Why do we change partners? If you prefer, we can turn over the question: why do not we change partners?


You change. On the one hand, we change to find "the right one", for a sense of independence - right or wrong - and even the evolution of inheritance (because, say the anthropologists, we are serial monogamous). For some, there are times in life when falling in love would be unfortunate, because falling in love is a challenging experience, absorbs a lot of energy and could detract from personal goals that at the moment does not contemplate the couple.

It does not change. On the other hand, if we decide not to change partners is stable because the couple does live better, reduces stress, and even allows new challenges because it prolongs life. There are times when you feel that life has settled, and that falling in love and married life can be an accomplishment that makes life even better.

Here is what you probably do (or think with impunity be able to do) "those that yes" and "those who no": not for avviarvi the best strategy (God forbid! You already know very well how to get by), but to enable you to recognize all possible signals the precise path he wants to take the other!

How NOT to fall in love

How to fall in love

If your first kiss or worse, the first chat function, you have to go to the chase as soon as possible, avoiding emotional implications.

Never twice in a row with the same person, and certainly not three in a month. Minimize pampering pre and post intercourse to reduce the production of oxytocin, a hormone that promotes the binding. Please allow time between meetings, inframmezzandoli with those with other partners.

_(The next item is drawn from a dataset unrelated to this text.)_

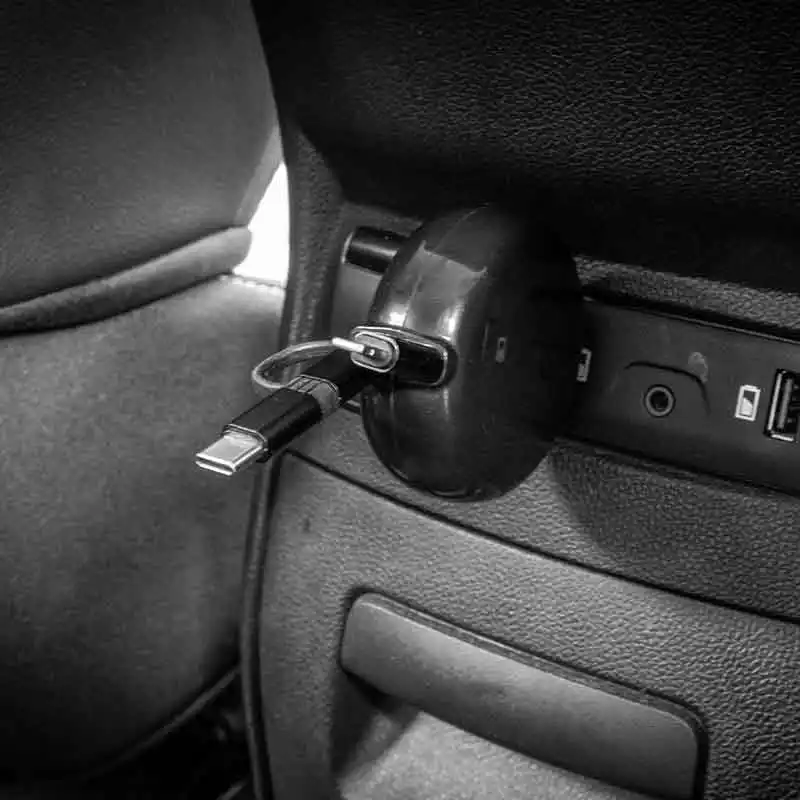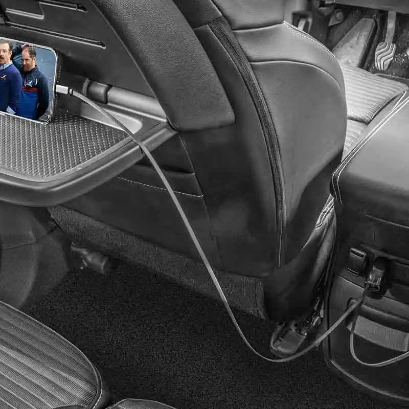 Een royale intrekbare kabel van 80 cm zorgt voor gemakkelijk apparaatgebruik, zelfs vanaf de achterbank van de meeste voertuigen.

Avoid looking the other person in the eyes, the nose is a great substitute. Avoid sharing personal information: the bond begins with empathy.

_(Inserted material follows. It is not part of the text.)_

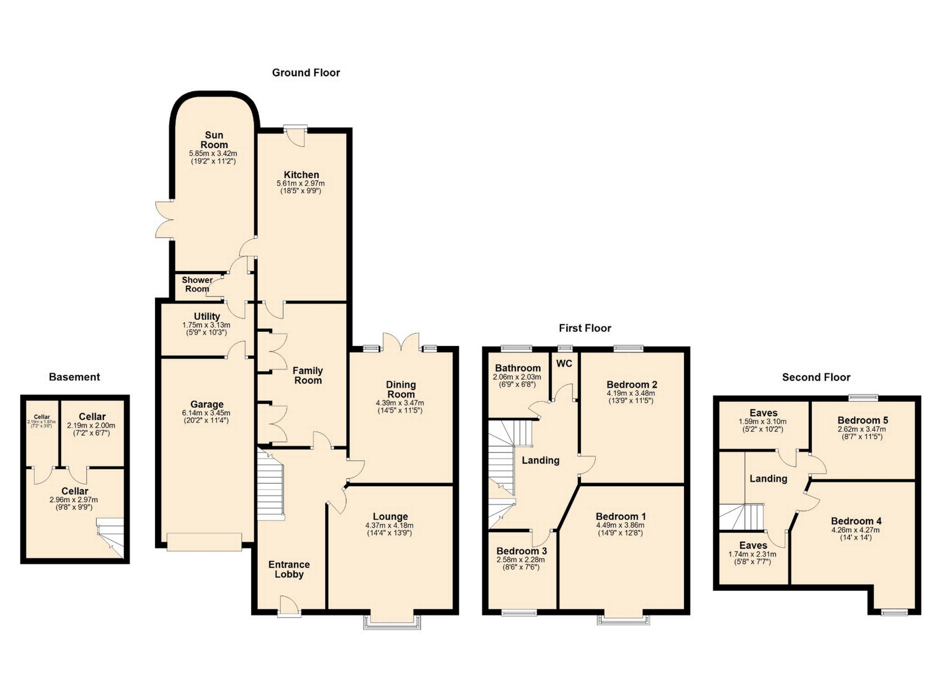 SUN ROOM 5.85m x 3.42m (19’2 x 11’2)

Dating together and isolate themselves only for the time needed to effusions, no friendship on Facebook.

If others want to learn more, to mention children and marriage may favor their escape.

Look for a free person, who does not need to be constantly in the spotlight, or reassured, and be responsive to their "love map" (physical appearance, "brain", ideal world, interests).

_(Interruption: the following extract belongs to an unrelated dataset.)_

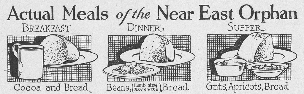 Orphanage meals delivered the maximum number of calories for the smallest price possible. Relief worker Nettie Hall Austin implemented a rationing system in Samsoun with a food budget of $1.95 per child per month (about $25 in 2015 dollars). The orphanage kitchens relied on starchy foods like bread and potatoes to keep young bellies feeling full. Condensed milk was rich in calcium and vitamins. In times of scarcity, milk was thinned with water or reserved for ill children. Holidays might be celebrated with nuts and dried fruit.

Watching each other's eyes, smiling (lit areas of the brain associated with well-being and intimacy) if the pupils dilate, it is reciprocated.

To imitate the other's body language: body posture, tone of voice, speed of speech; This "mirroring" increases the feeling of closeness.

Talk about personal details and hear each other at least half an hour, then keep quiet and look into his eyes for four minutes: some psychologists are "34 decisive minutes."

Making love with the same person as often as possible: oxytocin produced helps to tighten the bond.